Bratti ricorda quindi di aver posto nel 2015, per la prima volta, il caso Cemerad. «Dopo un sopralluogo - rammenta -, scrissi all’allora premier Renzi e feci un question time alla Camera: dissi che la Camerad non poteva più restare in quelle condizioni perchè era un grande pericolo. Devo dire che ho trovato ascolto in Galletti e De Vincenti e così sono stati reperiti i finanziamenti. Poi - prosegue il presidente Bratti - in alcuni decreti Ilva abbiamo definito degli aspetti procedurali e così l’intervento è potuto cominciare. Se vediamo i tempi, dal 2000 al 2015 non s’è fatto nulla mentre dal 2015 ad oggi le cose si sono mosse». Per Bratti, l’accelerata su Cemerad è stata positiva: «Se avessimo subordinato tutto alla realizzazione del deposito unico nazionale dei rifiuti a media e bassa radioattività, cosa di cui stiamo ancora discutendo, certamente sarebbero trascorsi altri anni nel nulla».
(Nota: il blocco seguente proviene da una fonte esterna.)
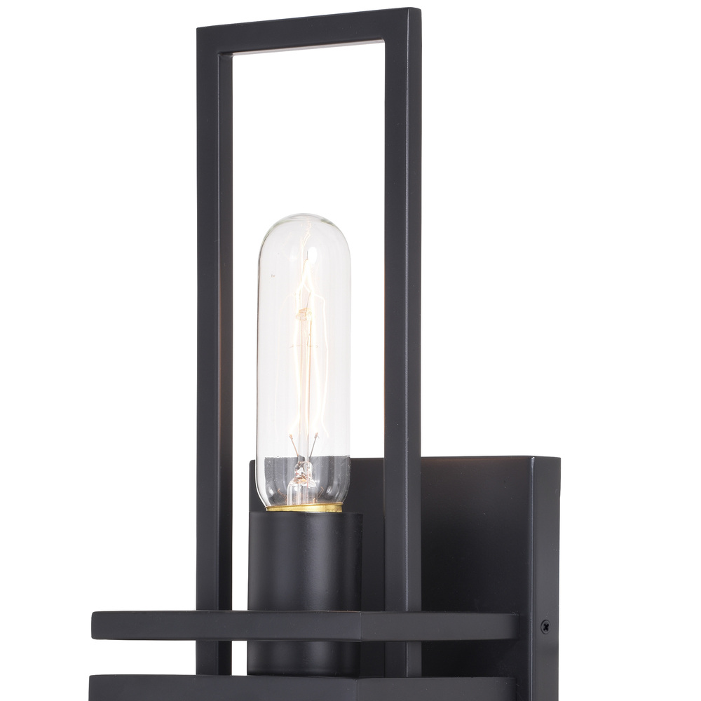 A bold open frame creates geometric statement in the Marquis collection. Elongated structures in a satin nickel or black finish offer two distinct options that will bring a contemporary feel to any space. Combine that with vintage Edison style filament bulbs to complete the look. This wall sconce is ideal for bathrooms, hallways, stairways, foyers, and more.

Per Mar Piccolo, invece, il commissario Corbelli ha illustrato ai parlamentari il lavoro effettuato. «Che può sembrare un palliativo - osserva Bratti - ma in realtà è utilissimo per capire le dinamiche se non vogliamo spendere soldi senza risolvere il problema. Oggi su Mar Piccolo abbiamo un quadro conoscitivo importante: sappiamo che ci sono zone preziose, zone inquinate e altre meno. Ma questo lo capisci solo studiando».

Nella tappa all’Ilva, infine, la commissione ha visto la discarica rifiuti «Mater Gratiae»: «Sono stati fatti lavori molto imponenti, tecnicamente non c'è niente da dire, la discarica è ben fatta - osserva Bratti -. E anche per i vecchi pneumatici depositati, ne sono state portate via qualche centinaia di tonnellate. Per i parchi minerali la situazione è rimasta quella che conoscevamo, ma qui si tratterà di vedere cosa stabiliranno le nuove prescrizioni ambientali per l’Ilva sapendo che si tratterà di costruire un’opera imponente».